Diffusion U-Net

Unconditional U-net from scratch

Adapted from

https://www.youtube.com/watch?v=DH5bp6zTPB4&list=PLfYUBJiXbdtRUvTUYpLdfHHp9a58nWVXP&index=16

dls = get_fashion_dls(bs=512)

Time embedding

Supposedly, time embeddings are neccesary to achieve modeling high performance

emb_dim = 16

# This was thought to be the longest sequence that a transformer
# should be able to handle, even though nowadays sequences can
# be much longer
max_period = 10_000

print(f"{-math.log(max_period)=}")
exponent = -math.log(max_period) * torch.linspace(0, 1, emb_dim // 2)
plt.plot(exponent);

-math.log(max_period)=-9.210340371976184

They are computed by computing the outer product of the time vector, ts with the exponent function…

bs = 100
ts = torch.linspace(-10, 10, bs)

embedding = ts[:, None].float() * exponent.exp()[None, :]
embedding.shape

torch.Size([100, 8])

note here that, so far, the embeddings aren’t very different

fig, ax = plt.subplots(figsize=(4, 4))
for i in range(0, bs, 25):
    ax.plot(embedding[i], label=f"Timestep #{i+1} Embedding")
ax.set(ylabel="Logit", xlabel="Dimension")
fig.legend();

…and projected into cosine and sine space, and then concatenated.

embedding = torch.cat([embedding.sin(), embedding.cos()], dim=-1)
embedding.shape

torch.Size([100, 16])

fig, ax = plt.subplots(figsize=(4, 4))
for i in range(2):
    ax.plot(embedding[:, i], label=f"Sine Dimension #{i+1}")
for i in range(8, 10):
    ax.plot(embedding[:, i], label=f"Cosine Dimension #{i+1}")
ax.set(ylabel="Logit", xlabel="Timestep")
fig.legend();

Overall, this results in a time embedding that is similar to its neighbors, but is overall very diverse. This figure demonstrates this, where the first column is similar to the second column, but dissimilar to the 100th column.

show_image(embedding.T);

We can consolidate this.

source

timestep_embedding

 timestep_embedding (ts, emb_dim, max_period=10000)

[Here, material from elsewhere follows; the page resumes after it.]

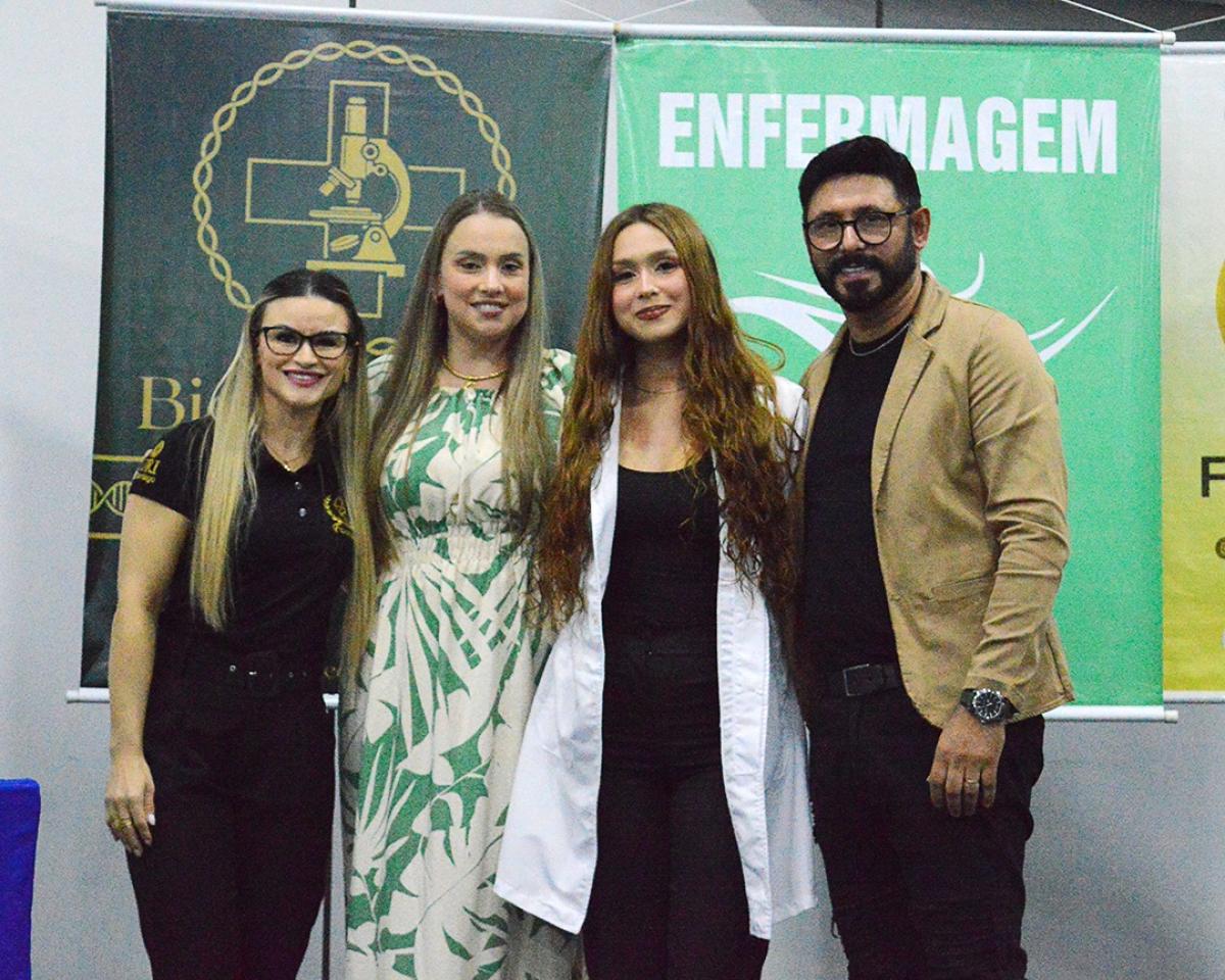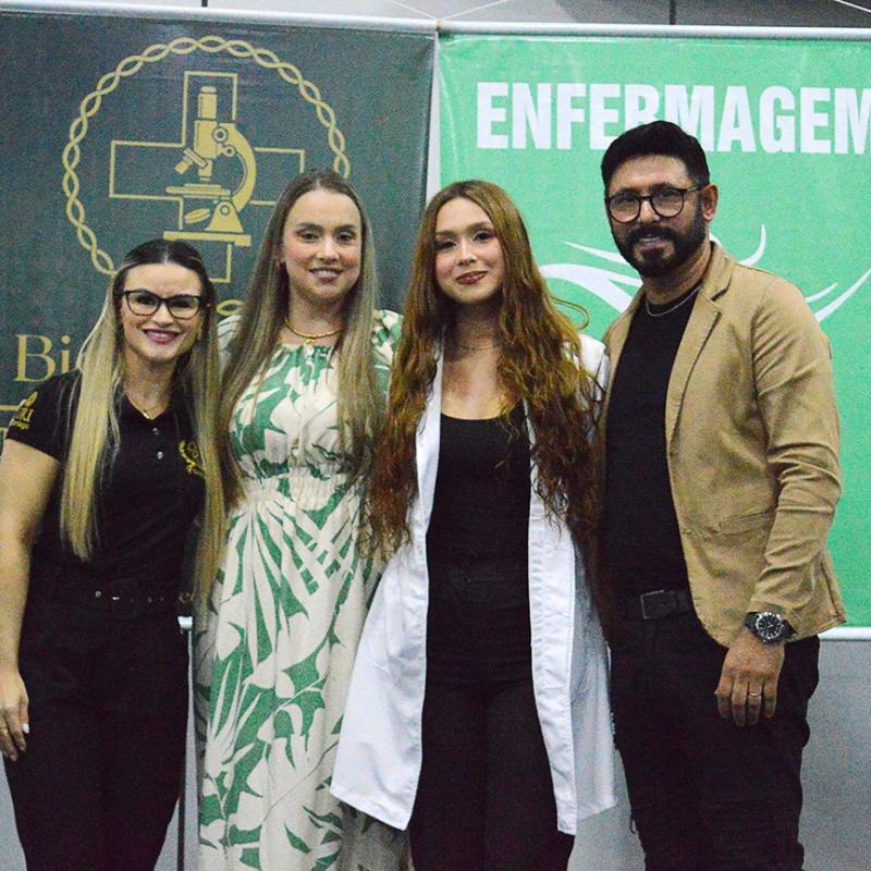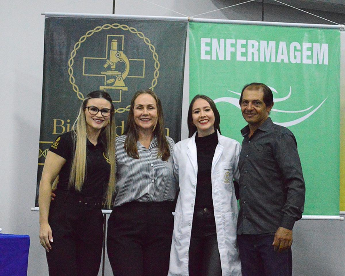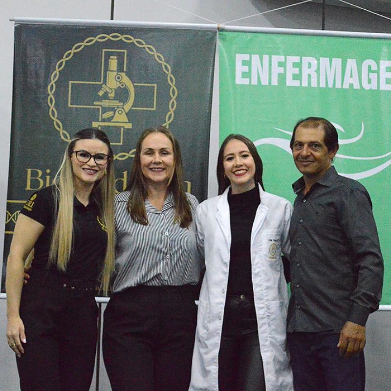 Outro momento de destaque foi o juramento, conduzido por representantes dos cursos: Maria Eduarda Brum Cruz, de Biomedicina; Vanessa da Silva Diniz, de Enfermagem; Diulia Cortes Pinheiro, de Farmácia; e Amanda Merlugo Kratzig, de Fonoaudiologia, que reafirmaram o compromisso dos acadêmicos com a ética profissional e o cuidado com o ser humano.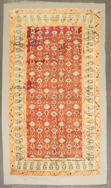 3rd quarter of the 19th Century Spectacular Indian Agra Carpet. Backed in Linen and can be used as a wall hanging

Editting the number of dimensions increases the column size

show_image(timestep_embedding(ts, 50).T);

Decreasing the max_period increases inter-column heterogeneity.

show_image(timestep_embedding(ts, 16, 100).T);

Let’s reimplement the U-net with time

source

Conv

 Conv (c_in, c_out, ks=3, stride=1)

Wrapper for a Conv block with normalization and activation

source

EmbeddingPreactResBlock

 EmbeddingPreactResBlock (t_embed, c_in, c_out, ks=3, stride=2)

Conv res block with the preactivation configuration

source

SaveTimeActivationMixin

 SaveTimeActivationMixin ()

Helper to save the output of the downblocks to consume in the upblocks

source

TResBlock

 TResBlock (t_embed, c_in, c_out, ks=3, stride=2)

Res block with saved outputs

source

TDownblock

 TDownblock (t_embed, c_in, c_out, downsample=True, n_layers=1)

A superblock consisting of many downblocks of similar resolutions

source

TUpblock

 TUpblock (t_embed, c_in, c_out, upsample=True, n_layers=1)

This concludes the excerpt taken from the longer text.